Mrs Inor would shoot me if I bought more LDS Wheat. I think we are sitting on about 300 pounds of it right now. To start using some of it, I have been boning up on some honey wheat bread recipes. I will try a few different loaves this week and next to do the taste test.


----------



## Annie (Dec 5, 2015)

Kick those fruit and veggie gardens into high gear this season, folks. I think it's gonna be real important.


----------



## Annie (Dec 5, 2015)

Inor said:


> Mrs Inor would shoot me if I bought more LDS Wheat. I think we are sitting on about 300 pounds of it right now. To start using some of it, I have been boning up on some honey wheat bread recipes. I will try a few different loaves this week and next to do the taste test.

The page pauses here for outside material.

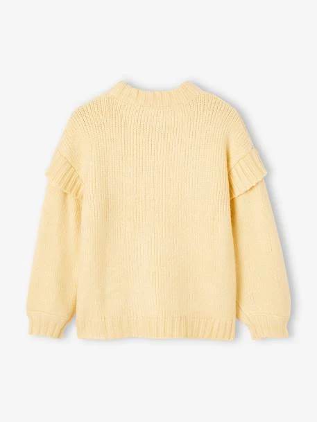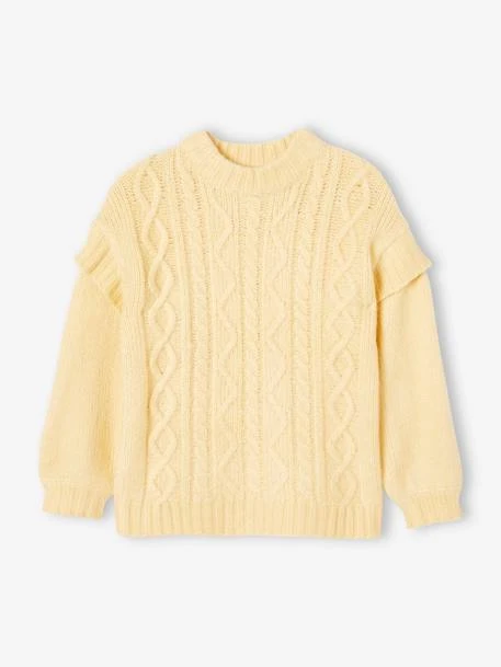 Joli jeu de torsades pour ce pull authentique et chic. On aime les volants aux épaules et la maille mousseuse ultra douce. Ce pull plein de fantaisie réchauffe l’hiver avec charme et complète à merveille leur dressing.

Did you get the kind you have to grind up in the mill yourself?


----------



## Maine-Marine (Mar 7, 2014)

here is a picture of my grinder 






(old but good)
and Wheat


----------



## MountainGirl (Oct 29, 2017)

Annie said:


> Did you get the kind you have to grind up in the mill yourself?


I've always wondered about that.
Say you have a 5gal bucket of wheat grains. How many cups of flour would that grind up to? I've always thought it would take a lot to make enough for even just one loaf...and a 5gal bucket of flour would make more sense... But, again, I dont know. Anyone?


----------



## paulag1955 (Dec 15, 2019)

MountainGirl said:


> I've always wondered about that.
> Say you have a 5gal bucket of wheat grains. How many cups of flour would that grind up to? I've always thought it would take a lot to make enough for even just one loaf...and a 5gal bucket of flour would make more sense... But, again, I dont know. Anyone?


Okay, I don't have good number sense, so keep that in mind, but if you grind five pounds of wheat berries, it seems as though you have to end up with five pounds (or very close to it) of whole wheat flour. The volume would decrease, but not the weight.


----------



## Maine-Marine (Mar 7, 2014)

MountainGirl said:


> I've always wondered about that.
> Say you have a 5gal bucket of wheat grains. How many cups of flour would that grind up to? I've always thought it would take a lot to make enough for even just one loaf...and a 5gal bucket of flour would make more sense... But, again, I dont know. Anyone?


the wheat ends up being more.. basic rule is 1 cup wheat = 1 1/2 cup flour

https://www.sustainablecooks.com/grinding-your-own-wheat/


----------



## MountainGirl (Oct 29, 2017)

paulag1955 said:


> Okay, I don't have good number sense, so keep that in mind, but if you grind five pounds of wheat berries, it seems as though you have to end up with five pounds of whole wheat flour. The volume would decrease, but not the weight.





Maine-Marine said:


> the wheat ends up being more.. basic rule is 1 cup wheat = 1 1/2 cup flour
> 
> https://www.sustainablecooks.com/grinding-your-own-wheat/


Makes sense. Thanks!


----------



## Maine-Marine (Mar 7, 2014)

paulag1955 said:


> Okay, I don't have good number sense, so keep that in mind, but if you grind five pounds of wheat berries, it seems as though you have to end up with five pounds (or very close to it) of whole wheat flour. The volume would decrease, but not the weight.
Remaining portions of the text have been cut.